Ce groupe a soumis son mémoire à l’occasion d’une période de consultation de l’Agence canadienne d'évaluation environnementale, qui poursuit son évaluation du projet. Le public est invité à envoyer ses commentaires à l’Agence jusqu’au 28 juin.

Le processus fédéral d'évaluation environnementale de ce projet a été entamé en 2015.

Les installations les plus vertes de l’Amérique du Nord

À la fin du mois de mai, le Port de Québec a annoncé avoir conclu une entente avec Canadien National et le réseau international Hutchison Ports pour le projet de terminal de conteneurs.

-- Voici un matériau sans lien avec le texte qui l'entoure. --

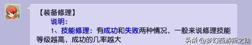 4、找长安城布店或铁匠铺门口打造修理的摊位修理装备。修理有一定几率会失败。这里要说一下这种方式的装备修理的成功几率只和修理技能等级成正比,即修理技能等级越高,成功几率越大,梦幻精灵也给出了解释。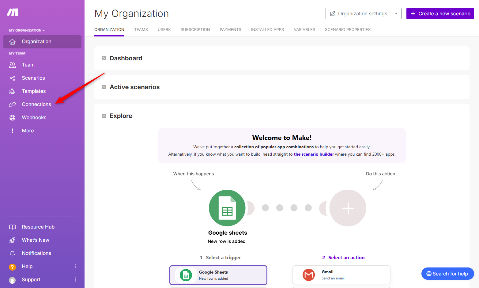 - Log in to Make.

Dans un communiqué, l’Administration portuaire de Québec avait affirmé que l’entente prévoit que Hutchison Ports construira les installations de manutention portuaire les plus vertes et technologiques de toute l’Amérique du Nord.

Le Port de Québec avait ajouté qu’il souhaitait ainsi devenir l’un des terminaux ayant la plus faible empreinte écologique au monde.

Lors de cette annonce, le PDG du Port de Québec, Mario Girard, avait aussi souligné être conscient que le projet devait encore obtenir l’aval environnemental du gouvernement fédéral. Il espérait que les résultats de l’évaluation environnementale seraient remis au cours de l’été.

Véronique Lalande, de son côté, estime que les nouveaux partenaires du Port de Québec ne garantissent pas la réussite économique du projet. Elle estime que l’administration du port n’a pas fourni assez de détails concernant l’entente survenue avec le CN et Hutchison Ports.

En réponse au mémoire de l'Initiative citoyenne, le Port de Québec a mentionné ne pas pouvoir faire de commentaire puisque l'évaluation du projet était toujours en cours du côté de l'Agence fédérale.